The bill nobody budgeted for
Here is the uncomfortable truth. Most multi-cloud sprawl is not a deliberate strategy. It's an accident that happened over three years. One team spun up something on AWS for a single project. Another inherited a Google workload through an acquisition. The core stayed on Azure. Nobody decided to run three clouds. It just sort of happened, and now there are three sets of identities to manage, three billing models to decode, and three security postures to keep honest.
The costs that hurt are rarely the ones on the headline price list. They're the egress fees when data moves between clouds. They're the duplicated tooling. They're the engineer who is brilliant at Azure networking and now has to become passably competent at two more platforms, which means they're slower at all three. Complexity is a tax, and you pay it whether or not you noticed signing up.
FinOps exists because someone finally read the bill and asked why it was so high. That's a healthy instinct. But FinOps done badly becomes a monthly ritual of staring at dashboards and feeling vaguely guilty. Done well, it's a feedback loop that changes how you build. The difference is whether cost is a conversation you have at the end or a constraint you design around from the start.
In regulated industries, the maths is different
For government, healthcare, and financial services, the cost question is tangled up with something harder to put a dollar figure on. Sovereignty and compliance. When you spread workloads across providers, you also spread your accreditation surface. Every cloud you add is another environment that has to satisfy IRAP, the Essential Eight, ISM controls, or whatever framework governs your sector. The audit doesn't get cheaper because you diversified. It gets longer.
This is where a lot of well-meaning multi-cloud plans quietly fall over. A second provider looked cheaper on compute. But once you priced in the work to bring it up to the same security standard, accredit it, and monitor it around the clock, the saving evaporated. Sometimes it went negative. The cheapest cloud is almost never the one with the lowest per-hour rate. It's the one your team can run safely without a fresh accreditation marathon every time.
We build most of our regulated work in Azure Australia East for exactly this reason.
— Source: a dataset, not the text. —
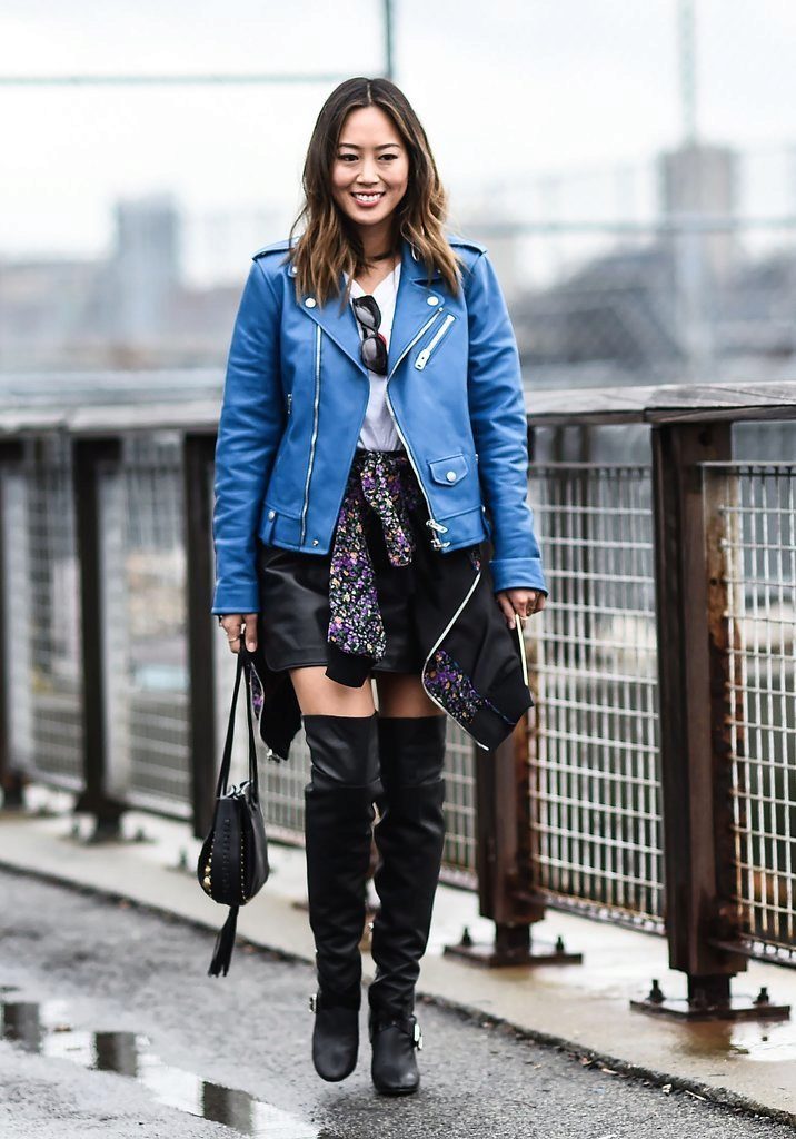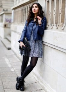 The combination of a short blue jacket with black shorts and a leather black skirt looks interesting. The outfit is complemented with a light sweater or golf, tight tights, shoes or heel shoes.
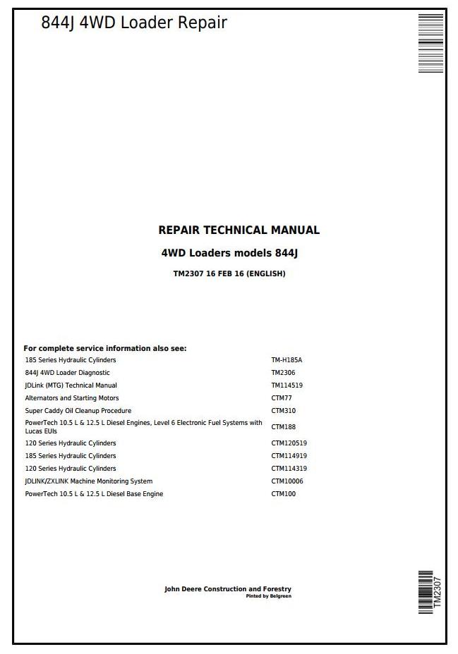 John Deere 844J 4WD Loader Repair Technical Manual TM2307

Not because Azure is the only good answer, but because keeping data in a known, sovereign region with a single coherent identity and security model removes whole categories of cost and risk before they appear. Zero Trust through Entra ID, conditional access, Defender watching the perimeter all day and night. That's hard enough to do well once. Doing it three times, consistently, is a real expense that should be on the spreadsheet from day one.
A useful way to decide
Here is the framing we use with clients, and it holds up well. Multi-cloud should be a decision, not a drift. If you can point to the specific reason a workload lives on a particular provider (a data residency rule, a service that genuinely has no equal elsewhere, a contractual obligation), that's a decision worth defending. If the honest answer is "history" or "that's where the last contractor put it," that's drift, and drift is what your FinOps review keeps flagging.
The organisations getting this right share a habit. They consolidate by default and diversify on purpose. They run the bulk of their workloads where their people are genuinely expert and their compliance story is strongest, then deliberately place the exceptions elsewhere with eyes open. They tag everything so cost is visible per team and per project. And they treat the security and accreditation overhead of each environment as a real line item, not an afterthought.
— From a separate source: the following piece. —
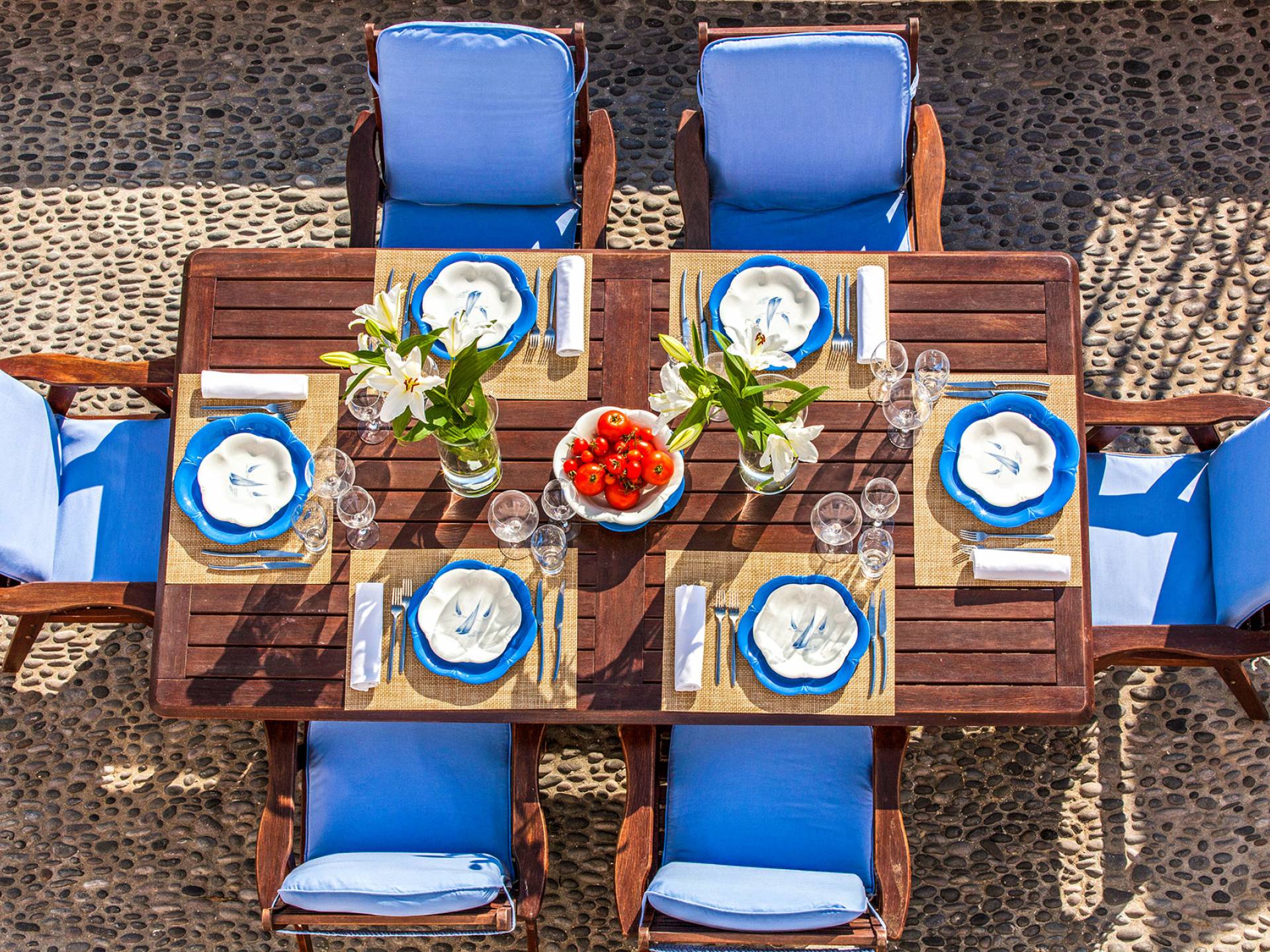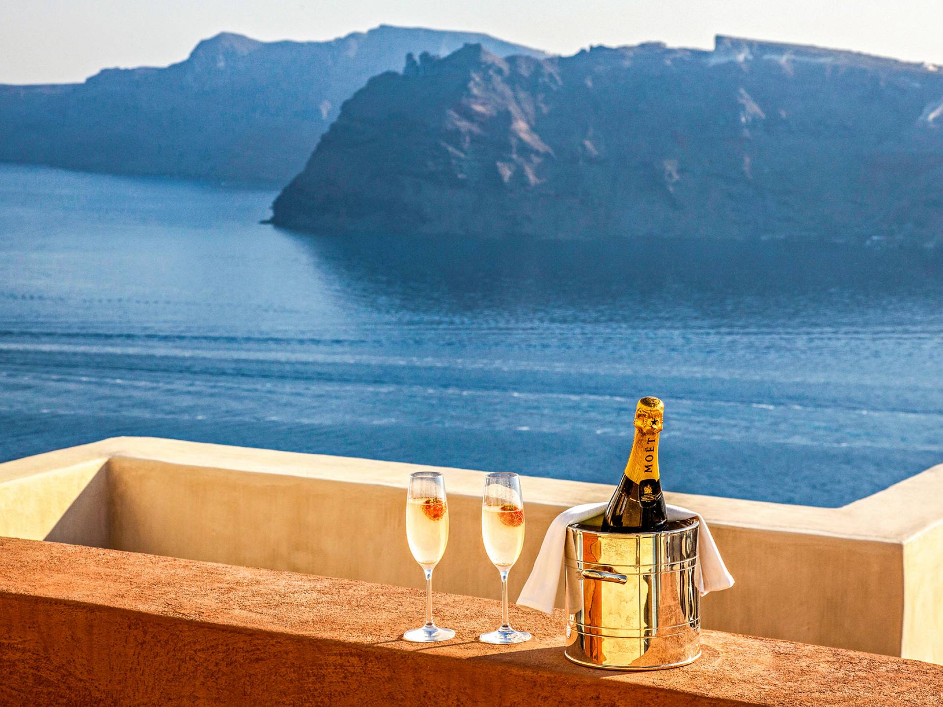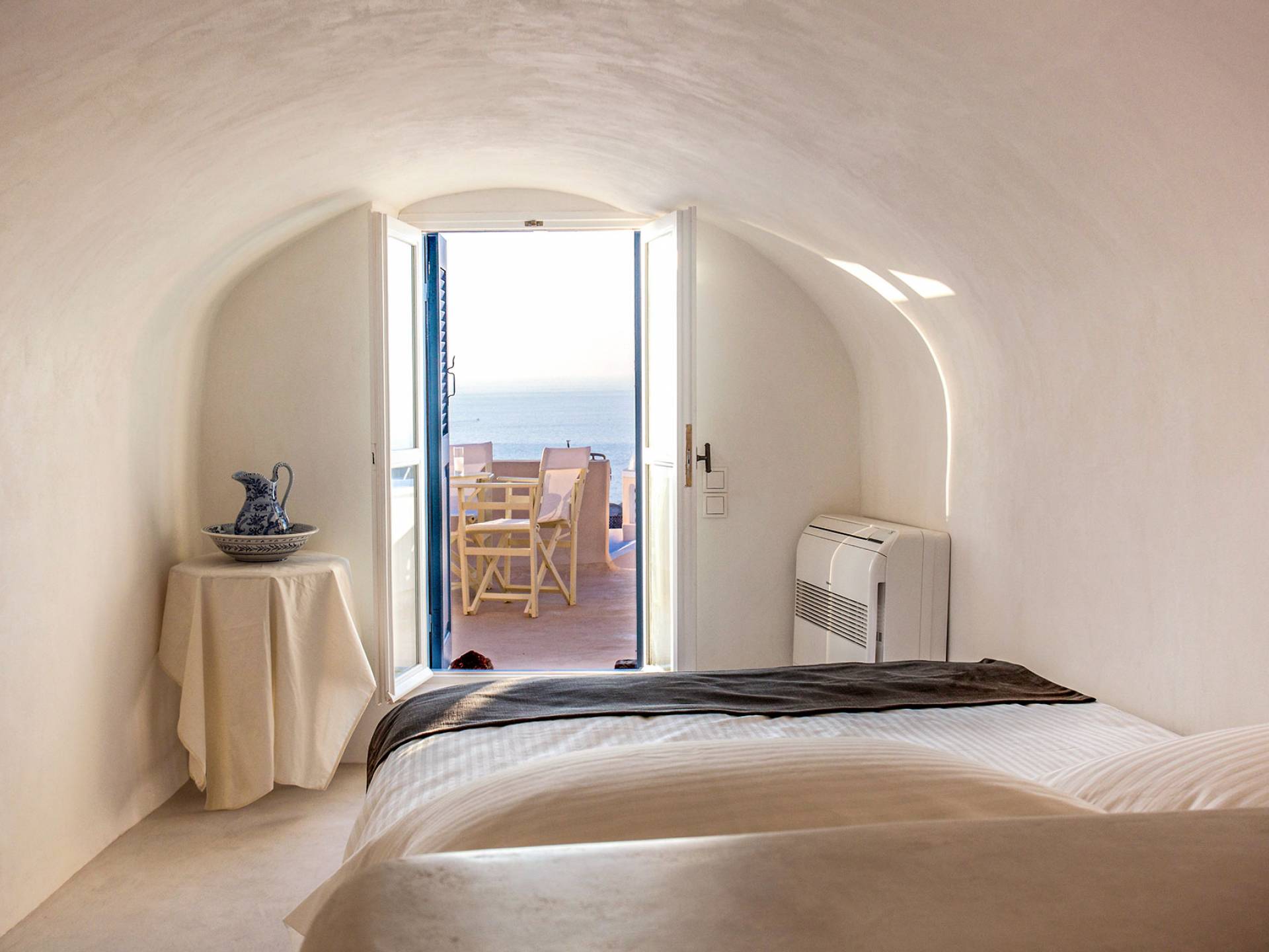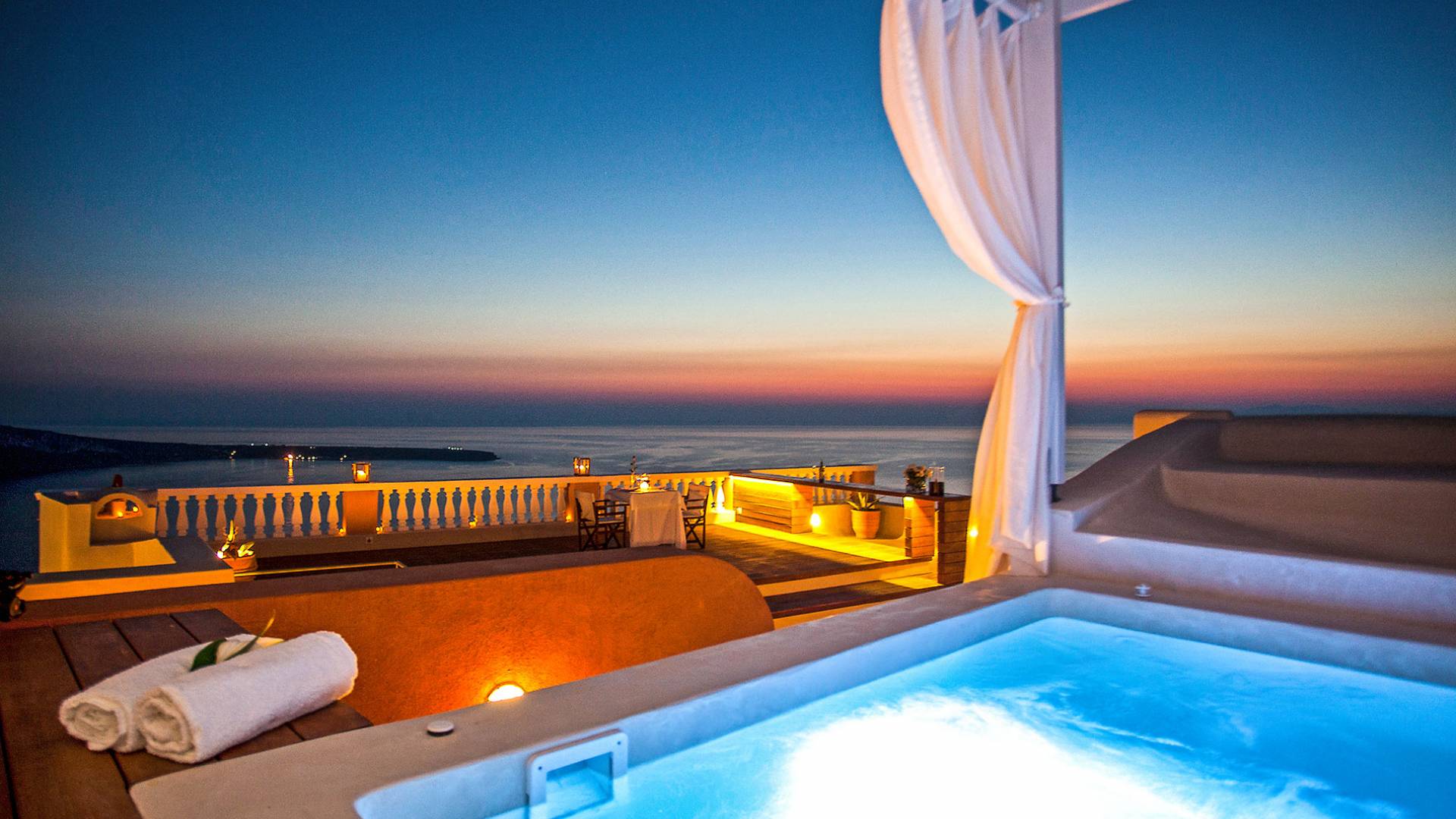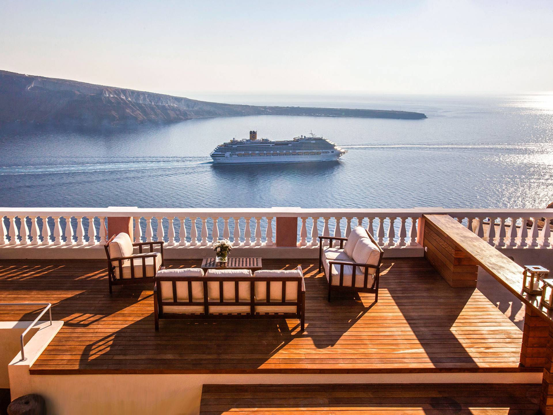 Frente a la mansión, el "patio" es realmente la terraza de los tiempos tradicionales de la isla. Tiene vistas igualmente panorámicas, que se complementa con la fachada neoclásica. Decorado en el modo tradicional de la isla, el patio interior, es el elemento sorpresa arquitectónico de buen gusto de Oia Mansion. Balcón privado con espectacular vista al idílico atardecer. Su reflejo en el agua crea un conducto dorado hacia el sol.

That's the part the trend pieces tend to skip. Cost optimisation in the cloud is not mostly about haggling on rates or rightsizing virtual machines, useful as those are. It's about reducing the number of things you have to keep perfectly secure and perfectly compliant at the same time. Fewer moving parts, each one understood properly, will almost always beat a sprawling estate held together by good intentions.
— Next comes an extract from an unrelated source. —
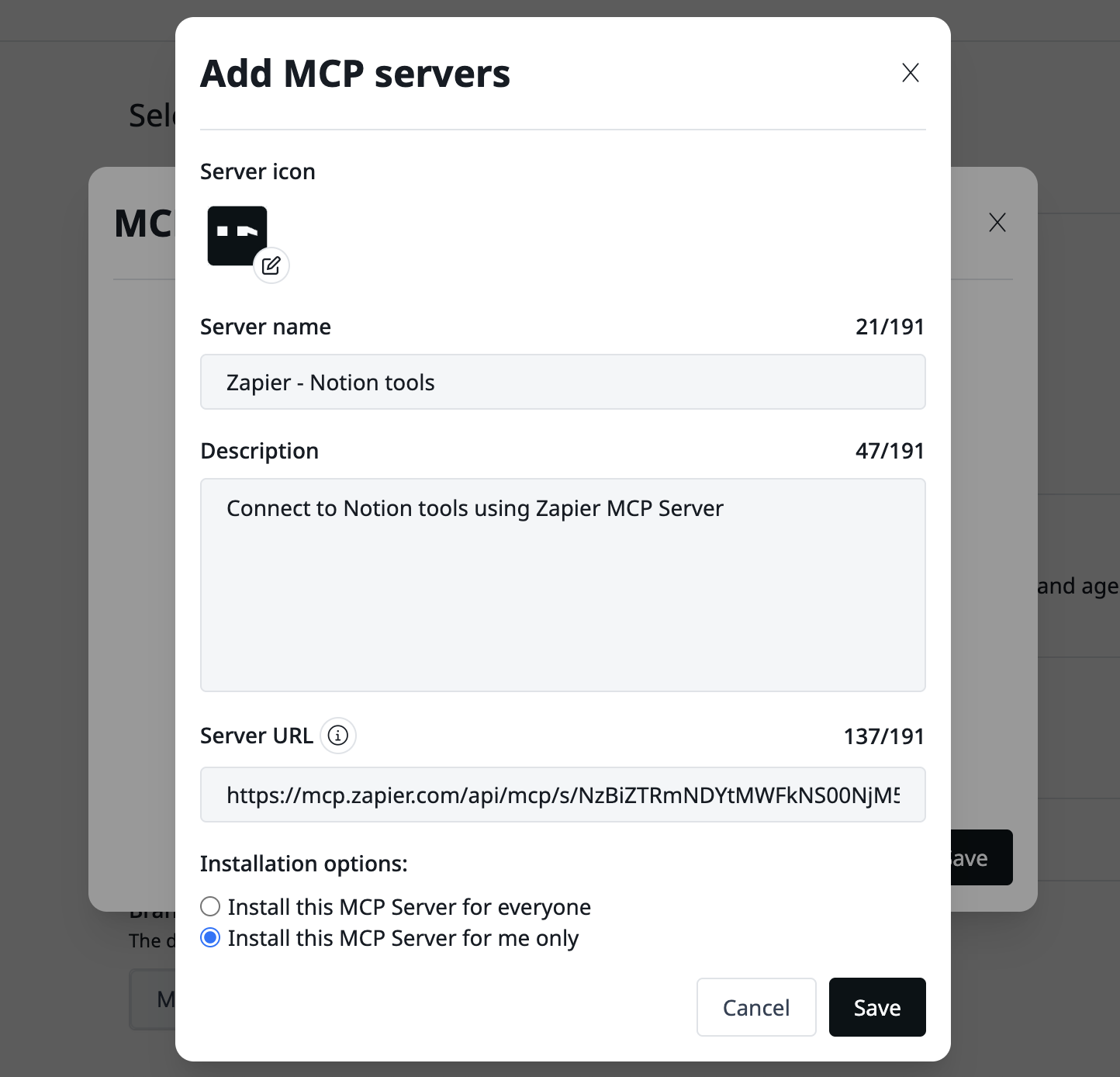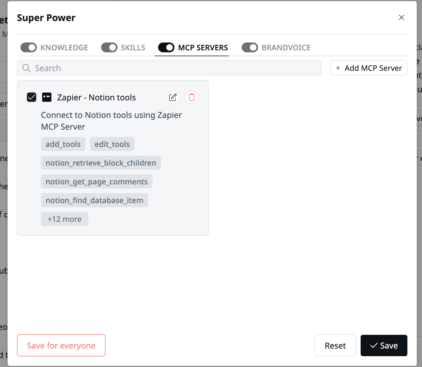 You’re almost there! With your Zapier MCP server set up and the server URL copied, just return to TeamPal and follow the steps to add this MCP server to your Agent’s Super Power settings.
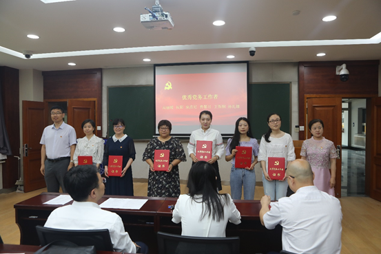 副经理生云鹤、中心副主任张旭利为获得优秀党务工作者的6名同志颁发了荣誉证书。

Multi-cloud is a fine strategy. Just make sure you chose it, rather than woke up inside it. Read the whole bill, including the parts that don't have a dollar sign next to them yet. The compliance hours, the cognitive load on your team, the audit you'll be doing twice. Price those in, and the right shape for your cloud usually becomes obvious. Often simpler than the brochure suggested, and a good deal cheaper to run.